After the latest round of U.S. sanctions against Russia was signed into law last year, Russian president Vladimir Putin warned that Russia would retaliate at a time and place of its own choosing. Wrecking the OPEC-Plus arrangement and provoking a demolition-derby price war with Saudi Arabia may seem to be an odd and puzzling way to respond, but there may be a method to that madness. I believe that the Kremlin is gambling that, by year’s end, it will be able to not only push back against the United States but also to reconstruct its partnership with Saudi Arabia.
One of the major flaws of U.S. politicians is their bad habit of loudly proclaiming their strategies months or even years in advance, giving their adversaries plenty of time to prepare. Over the past two years, members of Congress have made it absolutely clear that Russia’s Ukraine bypass pipeline projects—Turkish Stream and Nordstream-2—were in their crosshairs. Moscow attempted to accelerate the completion of these projects before a slow-moving U.S. legislative process could finalize another round of punitive sanctions. Turkish Stream was completed just in time and is already sending Russian energy to Turkey and Southern Europe. Meanwhile, Nordstream-2 would have made it if it hadn't been for those pesky Danes and their environmental protection processes, which held up work on Nordstream just long enough for an eleventh-hour U.S. sanctions push. Even with that assistance—and thanks to a spat with Denmark over a possible sale of Greenland—Moscow had so much advanced warning that it asked its European contractors to focus on the most technically challenging parts of the line first. Gazprom possesses the technical capacity to finish the line—way behind schedule, to be sure—but Nordstream is likely to be completed by the end of 2020. Yes, the delay was sufficient enough to compel Russia to continue to use Ukraine for some export transit, but Moscow’s position in the European energy markets remains largely intact.
So the backup U.S. plan has been to encourage Europeans, while Nordstream remains unfinished, to buy more energy produced from North American sources. Indeed, an important part of U.S. strategy in a new era of great-power competition is to compete with Russia for energy markets and to diminish the resources Moscow can accrue as an energy exporter.

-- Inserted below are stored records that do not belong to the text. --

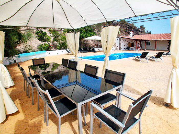 An der Westküste von Teneriffa am Ortsrand von Guia de Isora, in herrlicher privater Alleinlage, liegt die komfortable und moderne Ferienvilla Guia de Isora. Das großzügige und gepflegte Fincaanwesen setzt sich aus der Villa, der Gartenanlage und mehreren Terrassen zusammen. Die große Sonnenterrasse mit Meerblick, eingebautem Holzkohlegrill und privatem beheizbarem Pool ist uneinsehbares "Highlight" und verfügt über Sonnenliegen und Sonnenzelte mit Essplatz. Das Innere der Villa ist lichtdurchflutet und besticht durch eine geschmackvolle und gehobene Ausstattung. Wer ungestörte Entspannung in gehobenem Ambiente sucht, ist hier genau richtig!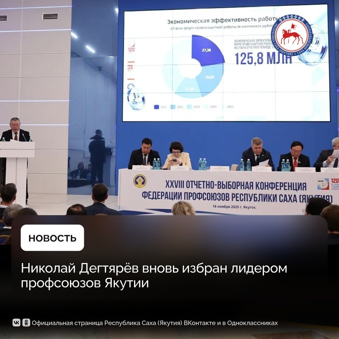 В Якутске состоялась XXVIII Отчётно-выборная конференция Федерации профсоюзов Республики Саха (Якутия) по итогам деятельности организации с 2021 по 2025 год.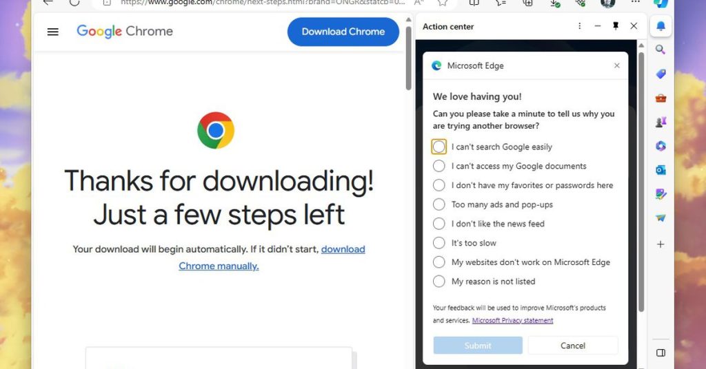 How many licks does it take to get to the center of a Google Chrome download in Microsoft’s Edge web browser? How many times will the company try to steer me away?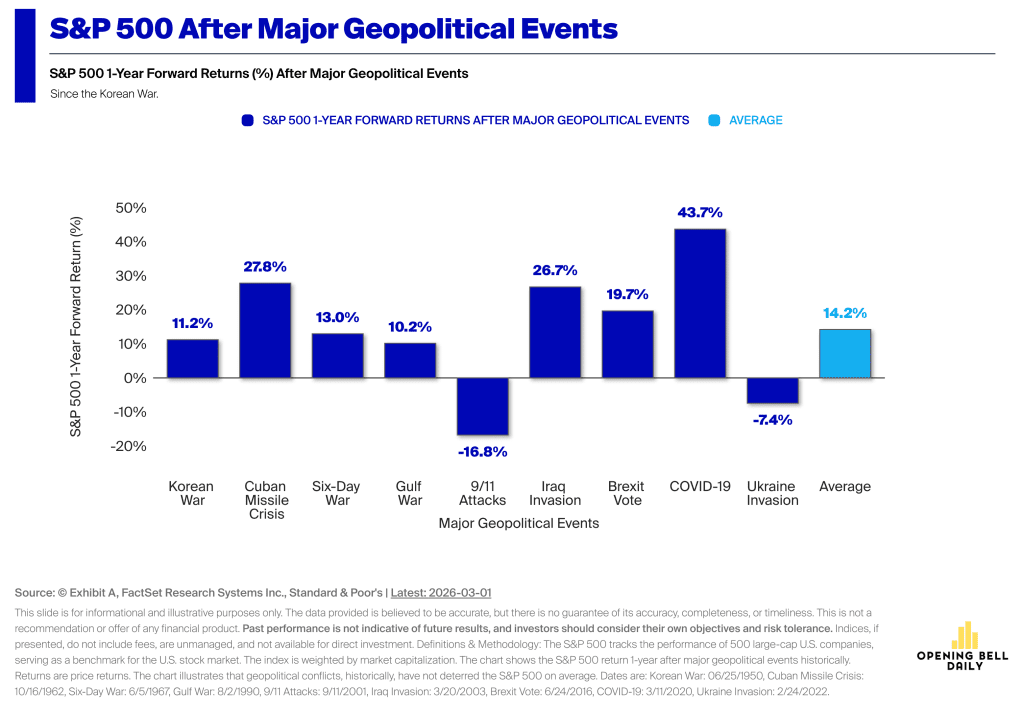 Ook de bredere aandelenmarkt laat geen paniek zien. Historisch gezien staan Amerikaanse aandelen gemiddeld ruim 14 procent hoger in de twaalf maanden na grote geopolitieke schokken sinds 1950.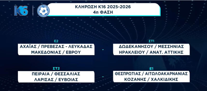 Πραγματοποιήθηκε σήμερα η κλήρωση του πανελλήνιου πρωταθλήματος Κ-16 για τις 16 ομάδες που περάσαν από του Ομίλους.

Initially, the U.S. strategy during the second term of the Obama administration was to encourage Saudi Arabia to repeat its performance during the 1980s by using its ability to turn on the taps and drive prices downward so as to cripple the Russian producers and force Moscow to pull back from its efforts in Ukraine and Syria. Despite Saudi Arabia lowering energy production costs, Riyadh could not sustain a long-term price war due to the massive demands on the Saudi budget. Saudi Arabia dramatically shifted away from competing with Russia and towards a new strategy of coordination with Russia. Riyadh and Moscow eventually became the co-axes of the OPEC-Plus arrangement, which was designed to stabilize global energy markets and set a definitive “floor” for energy prices. In return for its cooperation, Moscow expected Saudi Arabia and other Gulf states to direct financial flows that were blocked by U.S and EU sanctions into the Russian economy. (Qatar’s purchase of a minority stake in the Russian state-owned Rosneft firm was one example of this approach.)
Yet the weakness of this approach was the wild card nature of the U.S. energy sector. American producers were poised to benefit from higher prices and to fill the gaps when Russia and Saudi Arabia cut their production. When the United States declined to take part in the OPEC-Plus arrangement, Russia’s continued participation would remain contingent largely on whether Saudi Arabia continued to incentivize Moscow’s compliance.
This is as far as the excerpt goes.